Some words, like golden and haphazard, carry obvious meaning for sentiment. A particular challenge in this approach is to select a suitable set of hot words for encoding. We take the easy way and simply

  • read in the whole corpus
  • get a list of the most frequent words first

We read the corpus by reading each file in the directory pos/ and assign a y-value of 1, and the same for /neg and 0.

In [399]:
import os
from collections import defaultdict
import random

data = []
y = []
d = 'txt_sentoken/'
for sd in ['pos/','neg/']:
    for fn in os.listdir(d + sd):
        data.append( set(open(d+sd+fn).read().split()) )
        y.append( int(sd=='pos/') )
        
print(len(data), len(y))
2000 2000

To get an idea how that worked we print some data.

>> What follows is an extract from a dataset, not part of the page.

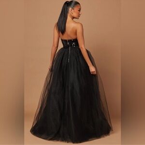 New Strapless Deep V Sequin Tulle Gown in Black Size Medium
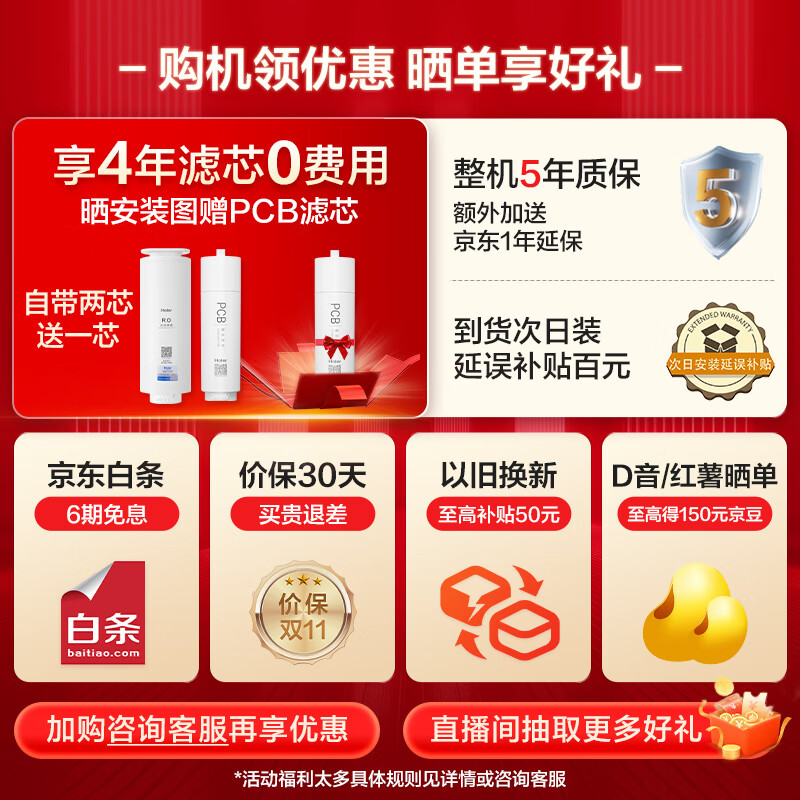 5、昨天买的今天就到了,上午到了,下大雨中午海尔的安装师傅就安好了,给一个大大的赞,看着很好,自测TDS值20,很棒

Since the reviews are now sets of words there is no order, and we pick random words.

In [400]:
random.seed(17)
print(random.sample(data[0], 10), y[0])
print(random.sample(data[-1], 10), y[-1])
['bit', 'truly', ',', 'find', 'search', 'and', 'fact', 'really', 'become', 'an'] 1
['for', 'can', 'completely', 'backbone', 'more', 'if', "we've", '.', 'guilty', 'cushions'] 0

For the hot words we have to come up with some selection criteria.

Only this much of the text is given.